**Data records:**

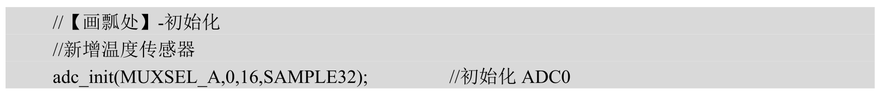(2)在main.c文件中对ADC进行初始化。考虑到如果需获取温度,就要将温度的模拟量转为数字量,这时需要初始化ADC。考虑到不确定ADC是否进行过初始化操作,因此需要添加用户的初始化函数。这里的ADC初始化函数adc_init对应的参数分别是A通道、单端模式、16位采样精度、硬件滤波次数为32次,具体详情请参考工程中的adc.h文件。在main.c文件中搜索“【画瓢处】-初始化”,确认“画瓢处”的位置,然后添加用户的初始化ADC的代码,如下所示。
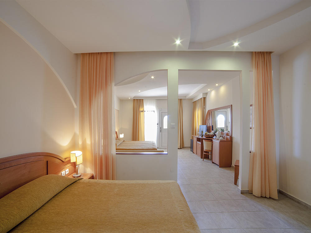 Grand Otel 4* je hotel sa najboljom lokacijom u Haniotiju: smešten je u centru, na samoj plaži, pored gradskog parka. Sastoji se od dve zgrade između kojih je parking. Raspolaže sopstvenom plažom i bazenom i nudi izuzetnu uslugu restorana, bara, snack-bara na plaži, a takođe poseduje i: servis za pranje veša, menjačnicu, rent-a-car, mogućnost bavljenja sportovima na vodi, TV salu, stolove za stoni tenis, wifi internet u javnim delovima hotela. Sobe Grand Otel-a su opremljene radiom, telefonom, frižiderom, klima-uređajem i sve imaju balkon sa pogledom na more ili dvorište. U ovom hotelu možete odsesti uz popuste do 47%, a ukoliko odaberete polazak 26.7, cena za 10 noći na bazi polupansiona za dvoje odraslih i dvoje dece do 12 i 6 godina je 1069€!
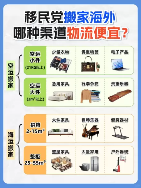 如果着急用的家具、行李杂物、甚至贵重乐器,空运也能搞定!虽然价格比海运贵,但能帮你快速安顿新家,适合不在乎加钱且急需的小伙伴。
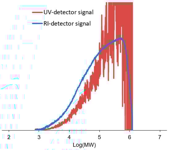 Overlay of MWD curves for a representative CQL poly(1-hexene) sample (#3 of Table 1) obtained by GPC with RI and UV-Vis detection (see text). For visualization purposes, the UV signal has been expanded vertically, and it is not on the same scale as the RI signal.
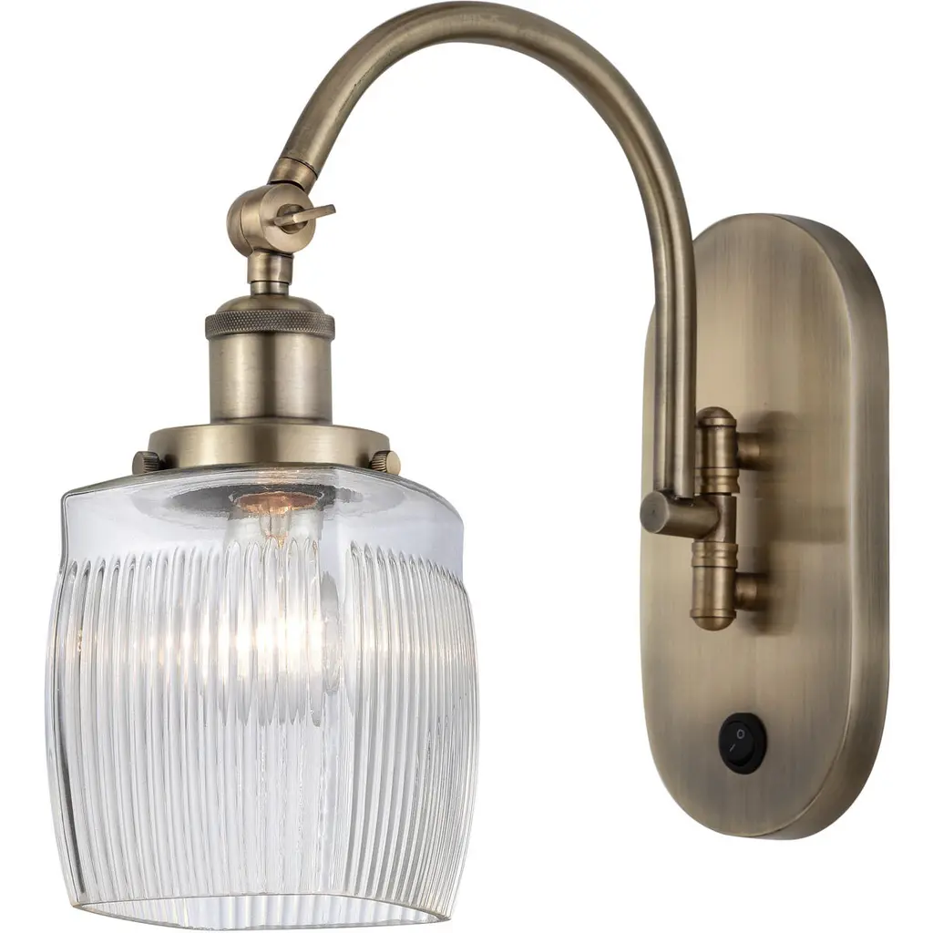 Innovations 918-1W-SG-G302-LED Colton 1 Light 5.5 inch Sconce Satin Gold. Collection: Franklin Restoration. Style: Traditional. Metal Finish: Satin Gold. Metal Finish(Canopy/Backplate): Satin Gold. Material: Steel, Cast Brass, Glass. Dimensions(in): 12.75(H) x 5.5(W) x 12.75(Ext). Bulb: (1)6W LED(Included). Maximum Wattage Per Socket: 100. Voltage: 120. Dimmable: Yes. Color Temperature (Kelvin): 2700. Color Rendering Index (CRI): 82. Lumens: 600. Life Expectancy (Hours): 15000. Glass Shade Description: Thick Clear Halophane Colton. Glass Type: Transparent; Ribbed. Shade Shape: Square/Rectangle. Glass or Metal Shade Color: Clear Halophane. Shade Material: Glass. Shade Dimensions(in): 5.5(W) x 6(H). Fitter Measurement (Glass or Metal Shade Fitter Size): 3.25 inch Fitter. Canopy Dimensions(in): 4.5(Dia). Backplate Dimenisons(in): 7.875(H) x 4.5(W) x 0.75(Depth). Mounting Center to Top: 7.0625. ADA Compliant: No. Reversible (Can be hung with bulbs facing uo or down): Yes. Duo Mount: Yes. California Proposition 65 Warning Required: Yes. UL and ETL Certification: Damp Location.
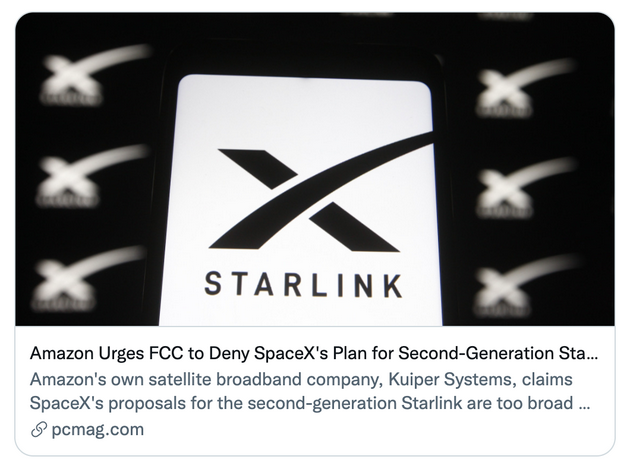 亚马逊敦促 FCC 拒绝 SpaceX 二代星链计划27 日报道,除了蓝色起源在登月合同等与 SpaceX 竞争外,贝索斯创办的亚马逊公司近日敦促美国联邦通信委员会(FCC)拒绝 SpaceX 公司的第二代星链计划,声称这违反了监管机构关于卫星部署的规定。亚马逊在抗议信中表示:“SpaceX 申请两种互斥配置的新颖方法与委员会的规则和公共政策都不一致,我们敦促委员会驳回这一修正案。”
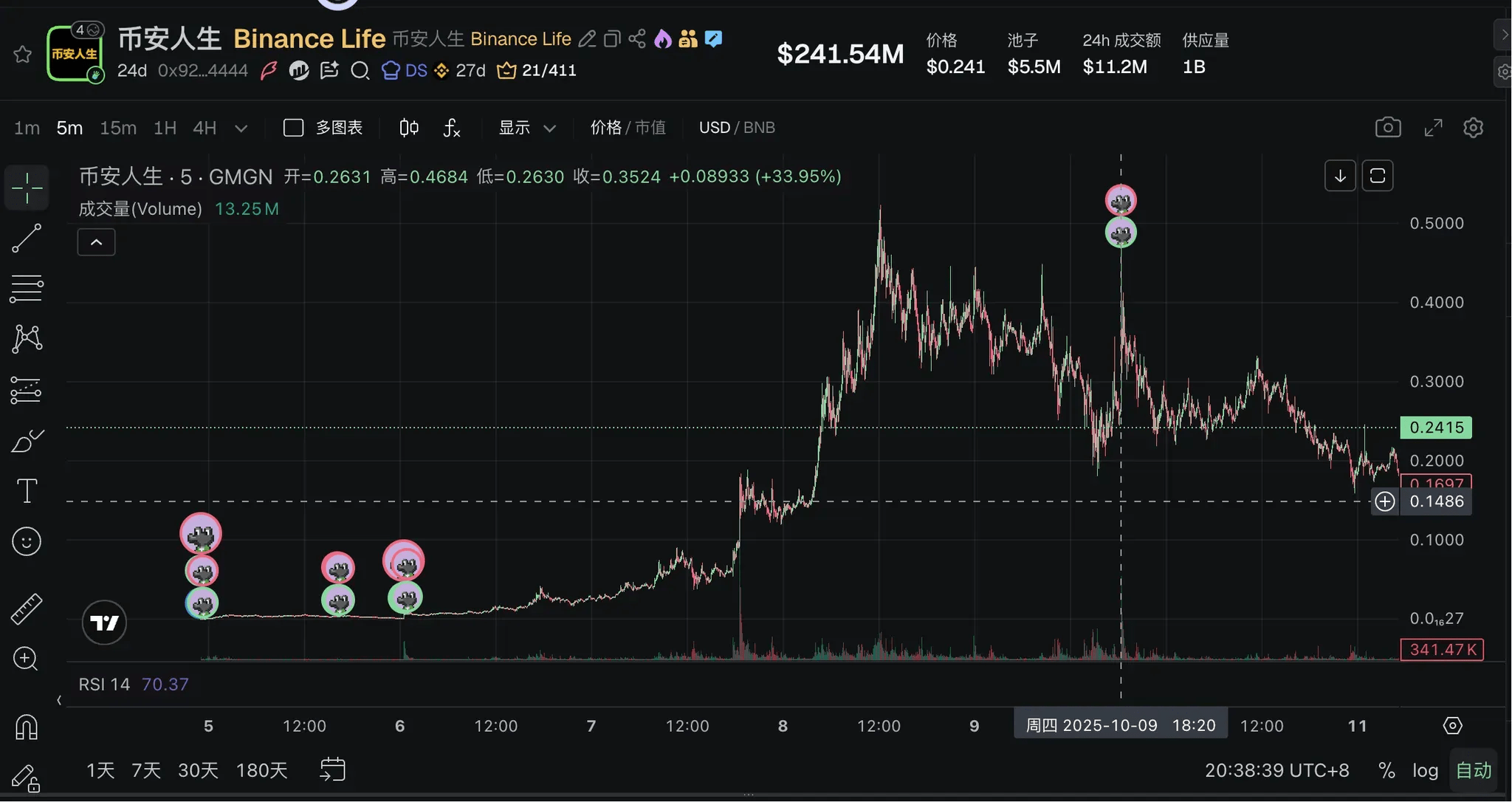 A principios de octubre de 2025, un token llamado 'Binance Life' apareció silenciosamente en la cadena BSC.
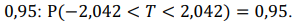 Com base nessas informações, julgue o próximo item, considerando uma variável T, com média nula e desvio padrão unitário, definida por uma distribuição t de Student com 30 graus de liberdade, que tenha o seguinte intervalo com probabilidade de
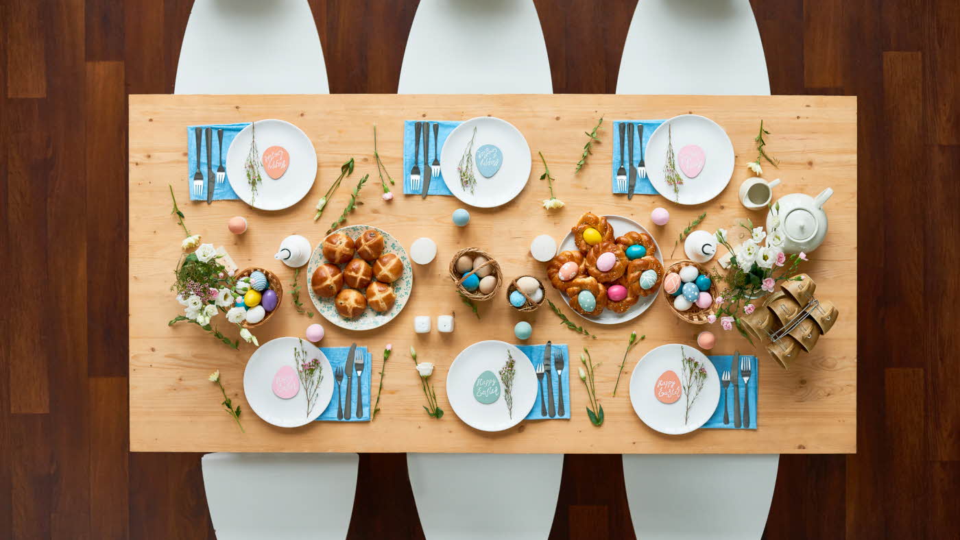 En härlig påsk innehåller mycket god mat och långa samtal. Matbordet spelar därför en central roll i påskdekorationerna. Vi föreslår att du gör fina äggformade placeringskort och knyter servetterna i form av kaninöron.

**Activity:** Pictures aside, reproduce the listing above exactly.

**Expected output:**
(2)在main.c文件中对ADC进行初始化。考虑到如果需获取温度,就要将温度的模拟量转为数字量,这时需要初始化ADC。考虑到不确定ADC是否进行过初始化操作,因此需要添加用户的初始化函数。这里的ADC初始化函数adc_init对应的参数分别是A通道、单端模式、16位采样精度、硬件滤波次数为32次,具体详情请参考工程中的adc.h文件。在main.c文件中搜索“【画瓢处】-初始化”,确认“画瓢处”的位置,然后添加用户的初始化ADC的代码,如下所示。
 Grand Otel 4* je hotel sa najboljom lokacijom u Haniotiju: smešten je u centru, na samoj plaži, pored gradskog parka. Sastoji se od dve zgrade između kojih je parking. Raspolaže sopstvenom plažom i bazenom i nudi izuzetnu uslugu restorana, bara, snack-bara na plaži, a takođe poseduje i: servis za pranje veša, menjačnicu, rent-a-car, mogućnost bavljenja sportovima na vodi, TV salu, stolove za stoni tenis, wifi internet u javnim delovima hotela. Sobe Grand Otel-a su opremljene radiom, telefonom, frižiderom, klima-uređajem i sve imaju balkon sa pogledom na more ili dvorište. U ovom hotelu možete odsesti uz popuste do 47%, a ukoliko odaberete polazak 26.7, cena za 10 noći na bazi polupansiona za dvoje odraslih i dvoje dece do 12 i 6 godina je 1069€!
 如果着急用的家具、行李杂物、甚至贵重乐器,空运也能搞定!虽然价格比海运贵,但能帮你快速安顿新家,适合不在乎加钱且急需的小伙伴。
 Overlay of MWD curves for a representative CQL poly(1-hexene) sample (#3 of Table 1) obtained by GPC with RI and UV-Vis detection (see text). For visualization purposes, the UV signal has been expanded vertically, and it is not on the same scale as the RI signal.
 Innovations 918-1W-SG-G302-LED Colton 1 Light 5.5 inch Sconce Satin Gold. Collection: Franklin Restoration. Style: Traditional. Metal Finish: Satin Gold. Metal Finish(Canopy/Backplate): Satin Gold. Material: Steel, Cast Brass, Glass. Dimensions(in): 12.75(H) x 5.5(W) x 12.75(Ext). Bulb: (1)6W LED(Included). Maximum Wattage Per Socket: 100. Voltage: 120. Dimmable: Yes. Color Temperature (Kelvin): 2700. Color Rendering Index (CRI): 82. Lumens: 600. Life Expectancy (Hours): 15000. Glass Shade Description: Thick Clear Halophane Colton. Glass Type: Transparent; Ribbed. Shade Shape: Square/Rectangle. Glass or Metal Shade Color: Clear Halophane. Shade Material: Glass. Shade Dimensions(in): 5.5(W) x 6(H). Fitter Measurement (Glass or Metal Shade Fitter Size): 3.25 inch Fitter. Canopy Dimensions(in): 4.5(Dia). Backplate Dimenisons(in): 7.875(H) x 4.5(W) x 0.75(Depth). Mounting Center to Top: 7.0625. ADA Compliant: No. Reversible (Can be hung with bulbs facing uo or down): Yes. Duo Mount: Yes. California Proposition 65 Warning Required: Yes. UL and ETL Certification: Damp Location.
 亚马逊敦促 FCC 拒绝 SpaceX 二代星链计划27 日报道,除了蓝色起源在登月合同等与 SpaceX 竞争外,贝索斯创办的亚马逊公司近日敦促美国联邦通信委员会(FCC)拒绝 SpaceX 公司的第二代星链计划,声称这违反了监管机构关于卫星部署的规定。亚马逊在抗议信中表示:“SpaceX 申请两种互斥配置的新颖方法与委员会的规则和公共政策都不一致,我们敦促委员会驳回这一修正案。”
 A principios de octubre de 2025, un token llamado 'Binance Life' apareció silenciosamente en la cadena BSC.
 Com base nessas informações, julgue o próximo item, considerando uma variável T, com média nula e desvio padrão unitário, definida por uma distribuição t de Student com 30 graus de liberdade, que tenha o seguinte intervalo com probabilidade de
 En härlig påsk innehåller mycket god mat och långa samtal. Matbordet spelar därför en central roll i påskdekorationerna. Vi föreslår att du gör fina äggformade placeringskort och knyter servetterna i form av kaninöron.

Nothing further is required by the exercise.